I'm trying to vectorize this to make it as fast as possible.我正在尝试对其进行矢量化以使其尽可能快。 Thanks!谢谢!

Example of an expected output (assuming that f is count()):预期输出示例(假设 f 是 count()):

c = array([2, 2])

because there are 2 rows in array a which have az value of 1 in array b and also 2 rows in array a which have az value of 2 in array b.因为数组 a 中有 2 行,数组 b 中的 az 值为 1,数组 a 中有 2 行,数组 b 中的 az 值为 2。

A trivial solution would be to iterate over array b like so:一个简单的解决方案是像这样迭代数组 b :

for val in b:
    apply function to a based on val
    append to an array c

My attempt:我的尝试:

I tried doing something like this, but it just returns an empty array.我尝试做这样的事情,但它只返回一个空数组。

func(a[a[:, 2]==b])

The problem is that the groups of rows with the same Z can have different sizes so you cannot stack them into one 3D numpy array which would allow to easily apply a function along the third dimension.问题是具有相同 Z 的行组可以具有不同的大小,因此您不能将它们堆叠成一个 3D numpy 数组,这将允许沿第三维轻松应用函数。 One solution is to use a for-loop, another is to use np.split :一种解决方案是使用 for 循环,另一种是使用np.split

a = np.array([[0, 0, 1],
              [1, 1, 2],
              [4, 5, 1],
              [4, 5, 2],
              [4, 3, 1]])


a_sorted = a[a[:,2].argsort()]

inds = np.unique(a_sorted[:,2], return_index=True)[1]

a_split = np.split(a_sorted, inds)[1:]

# [array([[0, 0, 1],
#         [4, 5, 1],
#         [4, 3, 1]]),

#  array([[1, 1, 2],
#         [4, 5, 2]])]

f = np.sum  # example of a function

result = list(map(f, a_split))
# [19, 15]

But imho the best solution is to use pandas and groupby as suggested by FBruzzesi.但恕我直言,最好的解决方案是按照 FBruzzesi 的建议使用 pandas 和 groupby。 You can then convert the result to a numpy array.然后,您可以将结果转换为 numpy 数组。

EDIT : For completeness, here are the other two solutions编辑:为了完整起见,这里是另外两个解决方案

List comprehension:列表理解:

b = np.unique(a[:,2])
result = [f(a[a[:,2] == z]) for z in b]

Pandas:熊猫:

df = pd.DataFrame(a, columns=list('XYZ'))
result = df.groupby(['Z']).apply(lambda x: f(x.values)).tolist()
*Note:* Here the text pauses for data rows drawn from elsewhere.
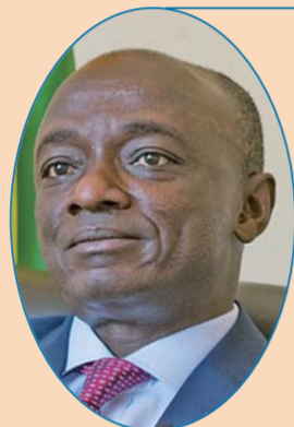
加纳驻华大使 爱德华·博阿滕

在过去70年，中国取得了令人瞩目的非凡成就。我们相信，中国经济能在世界经济动荡背景下保持稳定发展，拥有广阔的发展潜力。
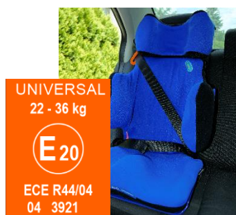
FOTELIK SAMOCHODOWY CAR SAFETY SEAT
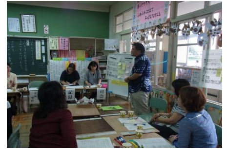
ワークショップの様子① 1学年 国語 グループの発表

小中合同授業研究会は「小中学校の教職員がお互いの専門性に学び、9年間の教育課程及び指導方法を理解することで、子どもたちの発達段階に応じた指導に活かす事」が目的であります。那覇中学校小中一貫教育グループの小中合同授業研究会は、全ての授業で協議の視点が明確にされ、内容の深い研究会となりました。1年生の国語の授業研究会でも、中学校と小学校の教師が真剣に協議している姿が、確実に子どもたちの9年間の成長に繋がっていくと感じました。那覇中学校小中一貫教育グループの先生方の取り組みに感謝申し上げます。
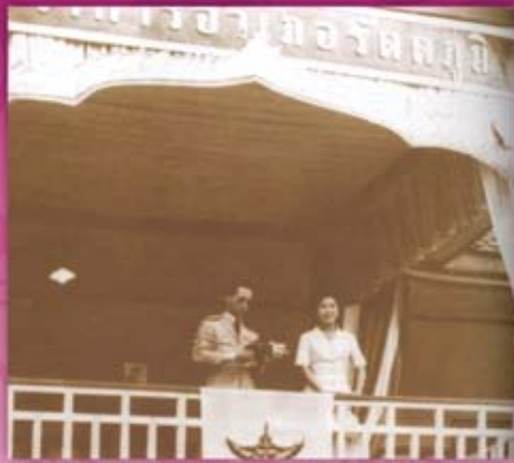
พระองค์เสด็จพระราชดำเนินทรงเยี่ยมเยียนราษฎร จังหวัดสงขลา ทอดพระเนตรกิจการยางที่สถานียางคองส์ ค่ายเสนาณรงค์ และทอดพระเนตรกีฬานักโค
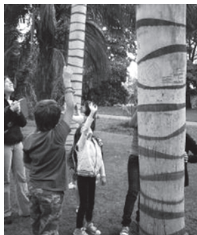
Ejercicios de Educación Medioambiental Jardín Botánico. Programa “Diseñando”, Universidad de los Andes.
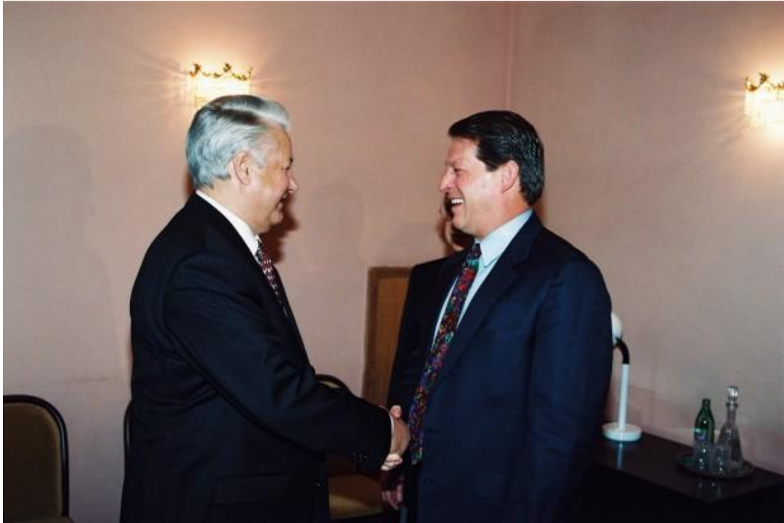
El presidente Yeltsin con el vicepresidente estadounidense Al Gore en Moscú, diciembre de 1994
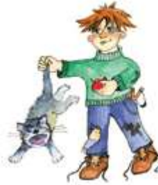
Дергать кота за хвост
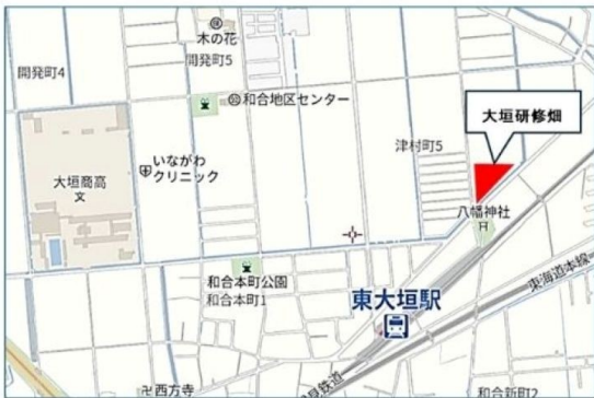
大垣圃場 【大垣商業高校 東方向】 (大垣市津村町3丁目155)
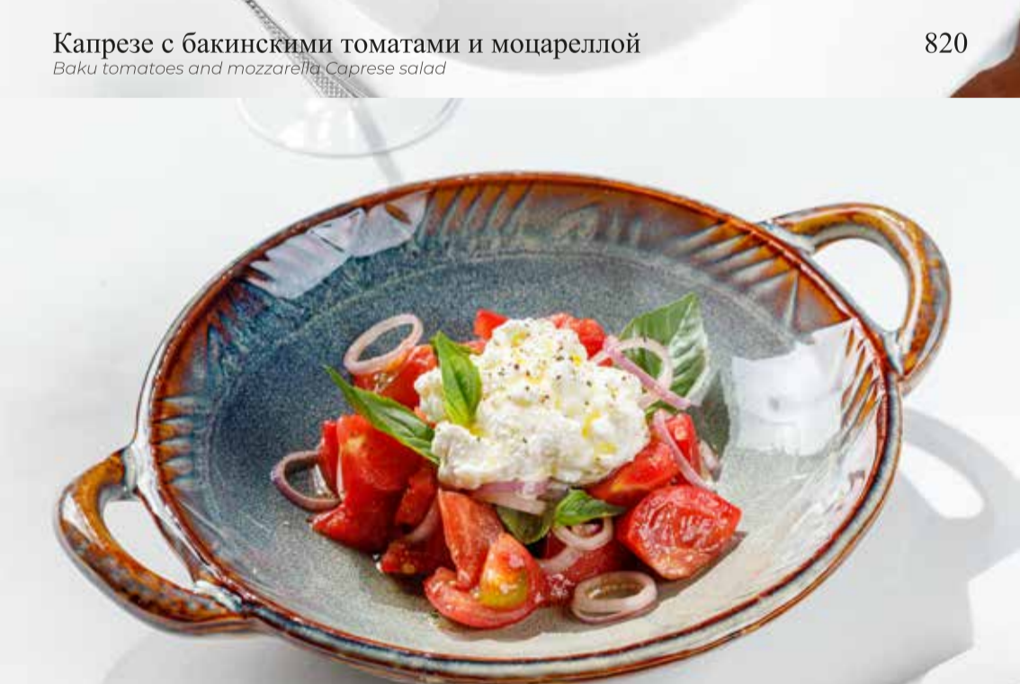
Томаты с рикоттой и луком шалот
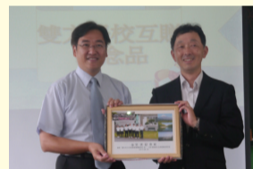
校長和沼津高校校長合影
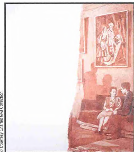
▲ Ilya Kabakov, 'I. Spivak in the club 1996', 2004, olieverf op doek, 239 x 188 cm.

Russische situatie onder de loep nemen. Kritiek en nostalgie naar het verleden gaan hand in hand. Het werk staat met één been in het rijk van de verbeelding en met het andere in de bittere werkelijkheid, al lijkt het een sprookje of een allegorie. Het schilderij van Igor Spivak in de club, een monochroom rood tafereel dat opdoemt uit een witte leegte, komt uit een trilogie over de utopie van de Sovjet-Unie. Eerst borstelde Kabakov schilderijen in naam van Charles Rosenthal, een fictieve schilder die er de komst van het paradijs in zag. Vervolgens zei hij onder zijn eigen naam: 'dit is de hel'. Tot slot verzon hij Igor Spivak, een onervaren schilder die na de val van het Sovjetrijk
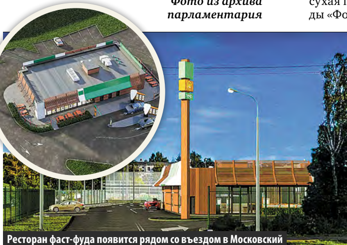
Ресторан фаст-фуда появится рядом со въездом в Московский

Инесса РАСКАЗОВА
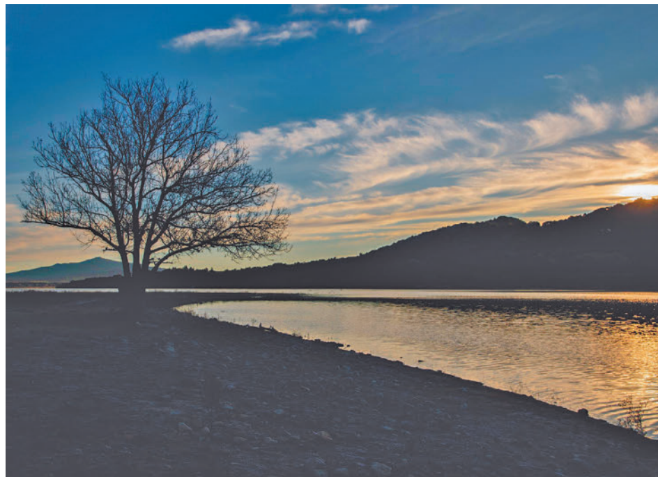
Un paraje de Manzanares El Real

Mad Rural es un proyecto que agrupa las Sierras Norte, Oeste y de Guadarrama y la zona de Las Vegas y la Alcarria madrileña, las cuales suman 110 municipios donde se combinan naturaleza y ruralidad. Los mensajes giran en torno al disfrute de la natura-
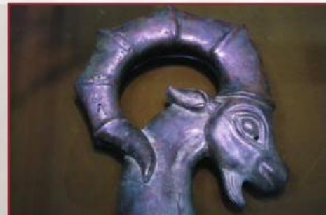
سر بز کوهی Head of an Ibex
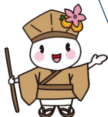
大垣市マスコットキャラクター おがっきい
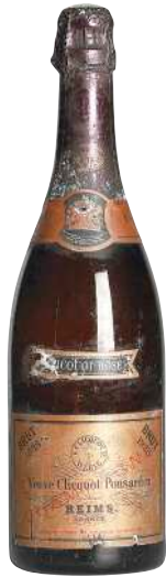
1 Champagne Veuve Clicquot Brut Rose Millesime 1928 Veuve Clicquot ネックラベル傷 ラベル傷
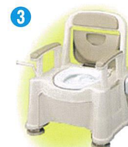
品名:ポータブルトイレ座楽SPあたたか 品番:APTSP
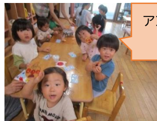
アンパンマンの旗を作ったよ！ (運動会の応援旗づくり)
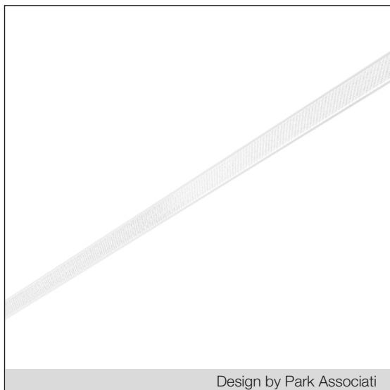
Design by Park Associati
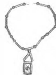
Collar tradicional Coveñas. Artesanías de Colombia. Noviembre 2006.

This is the performance plot I got for a = np.random.randint(0, 100, (n, 3)) :这是我为a = np.random.randint(0, 100, (n, 3))得到的性能图:

在此处输入图片说明

As you can see, approximately up to n = 10^5 the "split solution" is the fastest, but after that the pandas solution performs better.如您所见,大约n = 10^5 ,“拆分解决方案”是最快的,但在此之后,pandas 解决方案的性能更好。

If you are allowed to use pandas:如果你被允许使用熊猫:

import pandas as pd
df=pd.DataFrame(a, columns=['x','y','z'])

df.groupby('z').agg(f)

Here f can be any custom function working on grouped data.这里f可以是处理分组数据的任何自定义函数。

Numeric example:数字示例:

a = np.array([[0, 0, 1],
              [1, 1, 2],
              [4, 5, 1],
              [4, 5, 2]])
df=pd.DataFrame(a, columns=['x','y','z'])
df.groupby('z').size()

z
1    2
2    2
dtype: int64

Remark that .size is the way to count number of rows per group.请注意, .size是计算每组行数的方法。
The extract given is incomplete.